▸ Problem description:
Leaving every image behind, reproduce the records word for word.

▸ Available data:
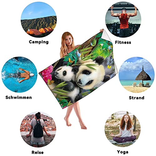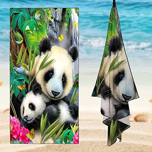 Zomer Telo mare grande 90 x 180 cm ad asciugatura rapida in microfibra stampata con panda genitori e bambini
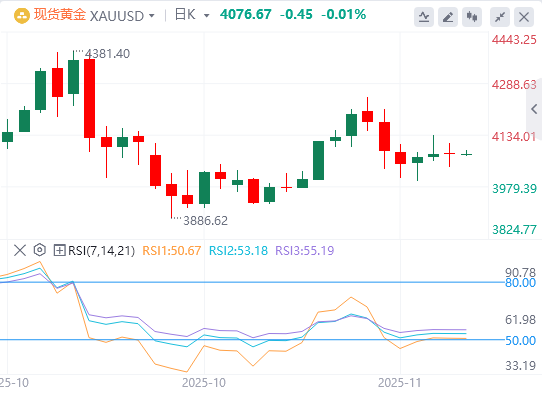 现货黄金区间震荡,美盘再度触及4100美元/盎司,但随后回落,截至目前,黄金报价4076.67。
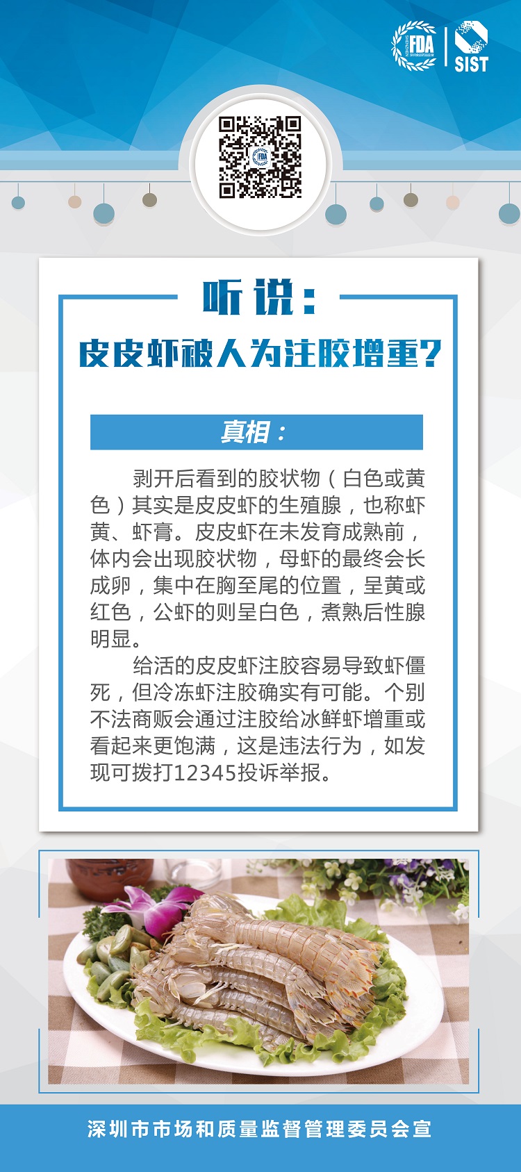 真相:剥开后看到的胶状物(白色或黄色)其实是皮皮虾的生殖腺,也称虾黄、虾膏。皮皮虾在未发育成熟前,体内会出现胶状物,母虾的最终会长成卵,集中在胸至尾的位置,呈黄或红色,公虾的则呈白色,煮熟后性腺明显。
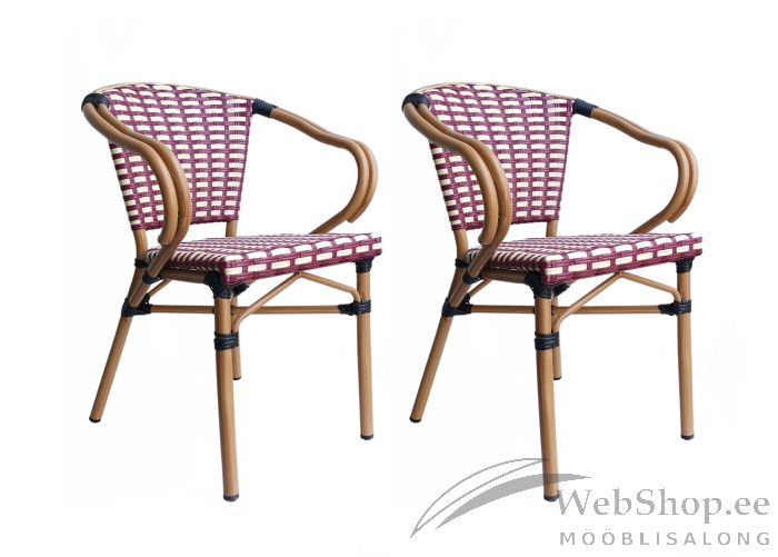 Rotangi välimusega söögitoolide komplekt. Toolid on valmistatud alumiiniumist ja polürotangist. Komplekti kuulub 2 tooli. Niiskuskindel.
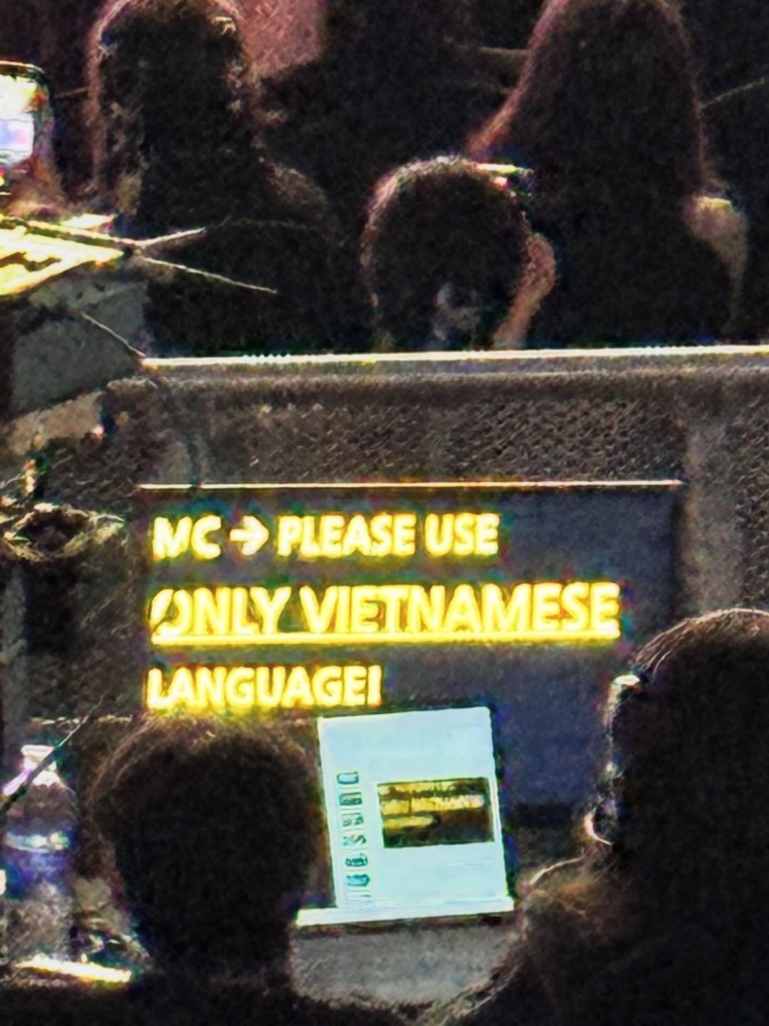Sự việc chưa lắng xuống thì mới đây, dân tình lại truyền tay nhau tấm ảnh được cho là chụp từ phía sau của BTC. Những người đăng tải tấm ảnh cho biết, khi MC Khánh Vy giao tiếp tiếng Hàn và tiếng Anh với Jisoo trên sân khấu, tấm bảng đã hiện dòng chữ: "MC: Please use only Vietnamest Language!" (dịch: MC: Vui lòng chỉ sử dụng tiếng Việt).

▸ Result of the exercise:
 Zomer Telo mare grande 90 x 180 cm ad asciugatura rapida in microfibra stampata con panda genitori e bambini
 现货黄金区间震荡,美盘再度触及4100美元/盎司,但随后回落,截至目前,黄金报价4076.67。
 真相:剥开后看到的胶状物(白色或黄色)其实是皮皮虾的生殖腺,也称虾黄、虾膏。皮皮虾在未发育成熟前,体内会出现胶状物,母虾的最终会长成卵,集中在胸至尾的位置,呈黄或红色,公虾的则呈白色,煮熟后性腺明显。
 Rotangi välimusega söögitoolide komplekt. Toolid on valmistatud alumiiniumist ja polürotangist. Komplekti kuulub 2 tooli. Niiskuskindel.
Sự việc chưa lắng xuống thì mới đây, dân tình lại truyền tay nhau tấm ảnh được cho là chụp từ phía sau của BTC. Những người đăng tải tấm ảnh cho biết, khi MC Khánh Vy giao tiếp tiếng Hàn và tiếng Anh với Jisoo trên sân khấu, tấm bảng đã hiện dòng chữ: "MC: Please use only Vietnamest Language!" (dịch: MC: Vui lòng chỉ sử dụng tiếng Việt).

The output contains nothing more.